+++ Given records +++

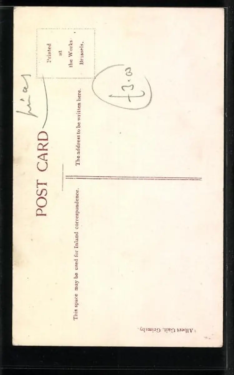 Personenbezogene Daten auf der Rückseite der Karte wurden durch blauen Textmarker unkenntlich gemacht. Die blauen Stellen sind auf die Vorderseite durchgeweicht und wirken sich negativ auf das Postkartenfoto aus
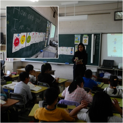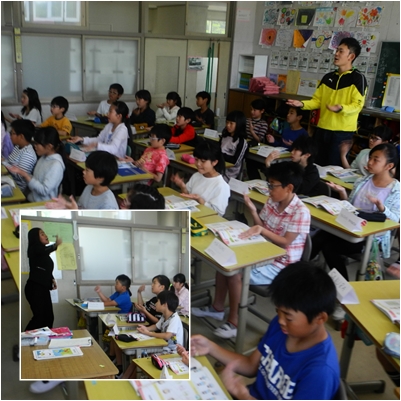 5年生が,音楽に合わせ手遊びをしながら,英語の曲を歌っていました。担任とALTの方の動きがシンクロしていました。
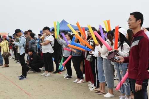 我们抵达银滩迅速找到动画学院所在位置,因为我们安排了旗手提前到达银滩,找到位置发出位置信息,并高举动画学院旗帜让人看到。听完开幕式演讲后,第17届沙滩运动会暨第13届沙雕比赛正式开始!
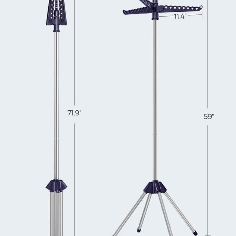 [Foldable & Space-Saving] Standing at 25.6”D x 25.6”W x 59”H during use, this clothes drying rack takes up little space, perfect for small spaces. Fold the arms and legs into a small size of 2.2”D x 2.2”W x 71.9”H, it will stay out of the way after use
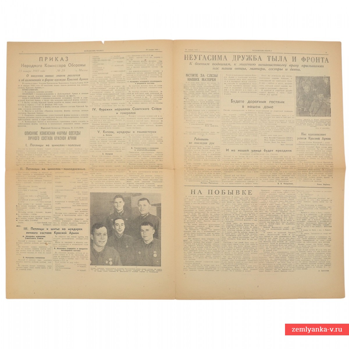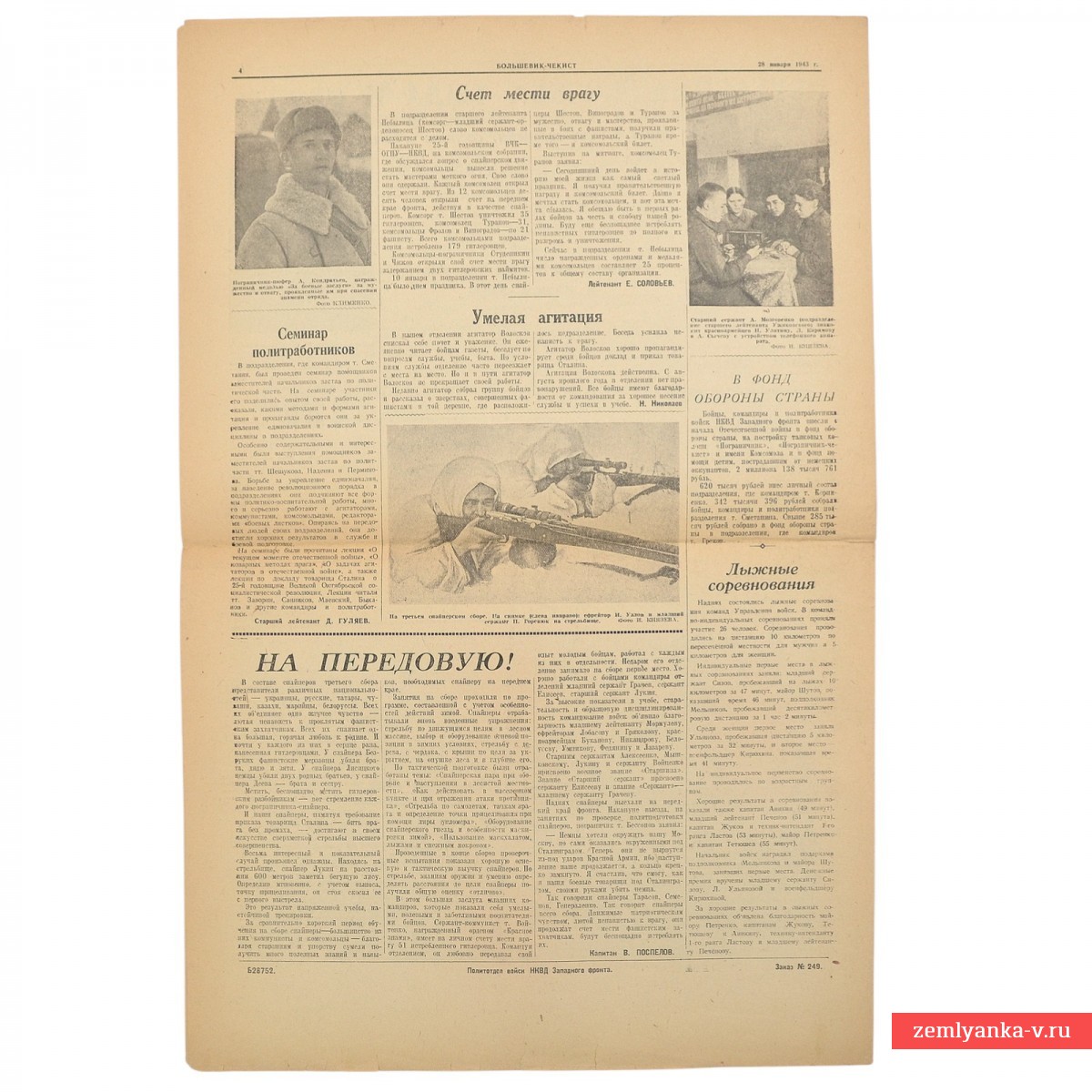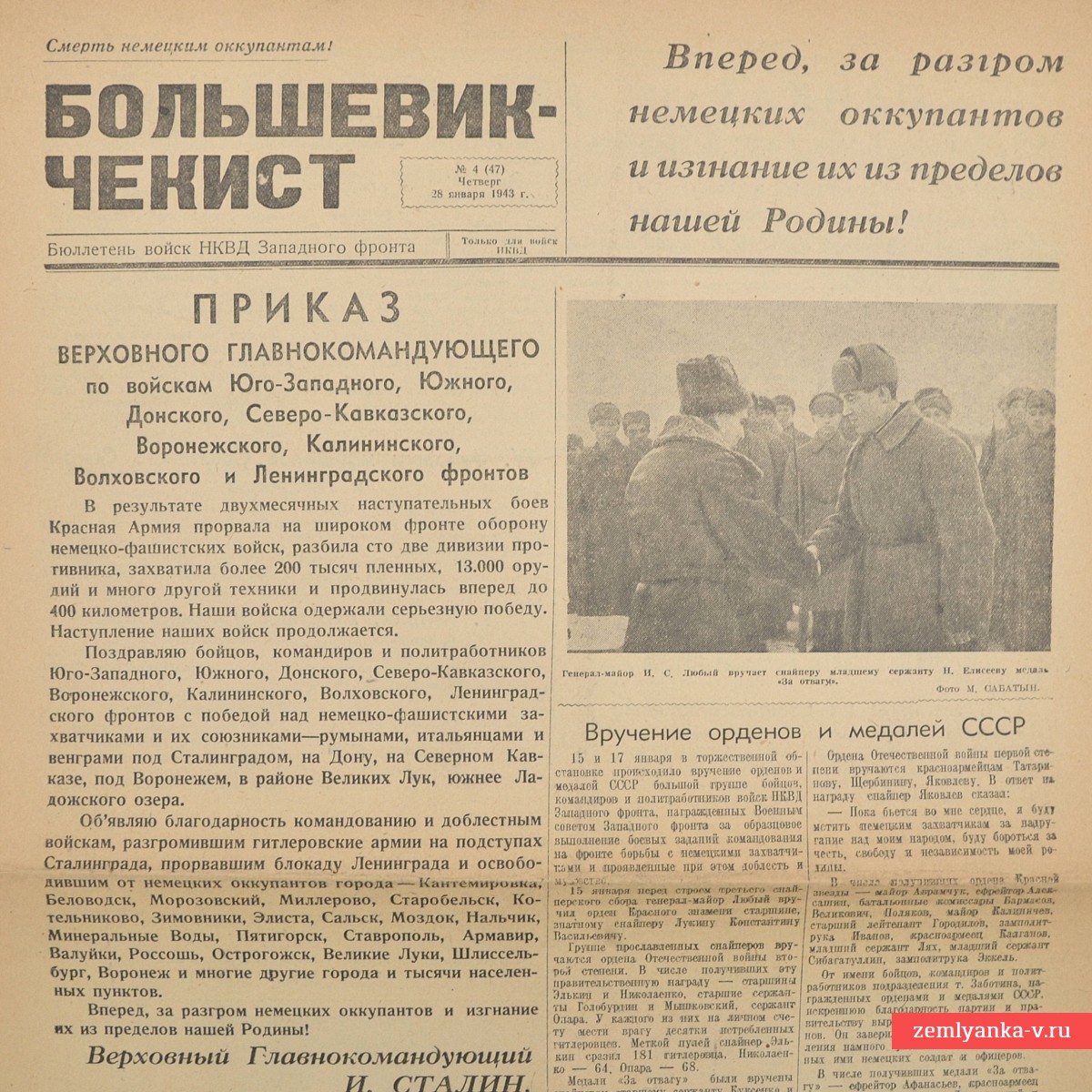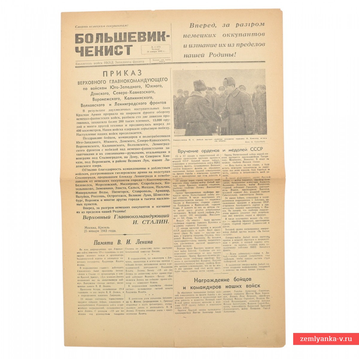 Это бюллетень войск НКВД Западного фронта, издававшийся в годы Великой Отечественной войны. Центральное место занимает приказ И. В. Сталина от 25 января 1943 года, посвященный успехам советских войск на ряде фронтов (Юго-Западном, Южном, Донском и др.). В тексте отмечается прорыв обороны противника, захват более 200 тысяч пленных и освобождение множества городов, включая Воронеж, Ставрополь, Нальчик и другие. Также есть статья о награждении отличившихся бойцов и командиров правительственными наградами, материал, приуроченный к годовщине смерти основателя советского государства (21 января) и многое другое. Формат А3, 4 полосы. Гарантия подлинности.

+++

Where a picture appears, skip it and copy the rest of the data word for word.

Answer section -
 Personenbezogene Daten auf der Rückseite der Karte wurden durch blauen Textmarker unkenntlich gemacht. Die blauen Stellen sind auf die Vorderseite durchgeweicht und wirken sich negativ auf das Postkartenfoto aus
 5年生が,音楽に合わせ手遊びをしながら,英語の曲を歌っていました。担任とALTの方の動きがシンクロしていました。
 我们抵达银滩迅速找到动画学院所在位置,因为我们安排了旗手提前到达银滩,找到位置发出位置信息,并高举动画学院旗帜让人看到。听完开幕式演讲后,第17届沙滩运动会暨第13届沙雕比赛正式开始!
 [Foldable & Space-Saving] Standing at 25.6”D x 25.6”W x 59”H during use, this clothes drying rack takes up little space, perfect for small spaces. Fold the arms and legs into a small size of 2.2”D x 2.2”W x 71.9”H, it will stay out of the way after use
 Это бюллетень войск НКВД Западного фронта, издававшийся в годы Великой Отечественной войны. Центральное место занимает приказ И. В. Сталина от 25 января 1943 года, посвященный успехам советских войск на ряде фронтов (Юго-Западном, Южном, Донском и др.). В тексте отмечается прорыв обороны противника, захват более 200 тысяч пленных и освобождение множества городов, включая Воронеж, Ставрополь, Нальчик и другие. Также есть статья о награждении отличившихся бойцов и командиров правительственными наградами, материал, приуроченный к годовщине смерти основателя советского государства (21 января) и многое другое. Формат А3, 4 полосы. Гарантия подлинности.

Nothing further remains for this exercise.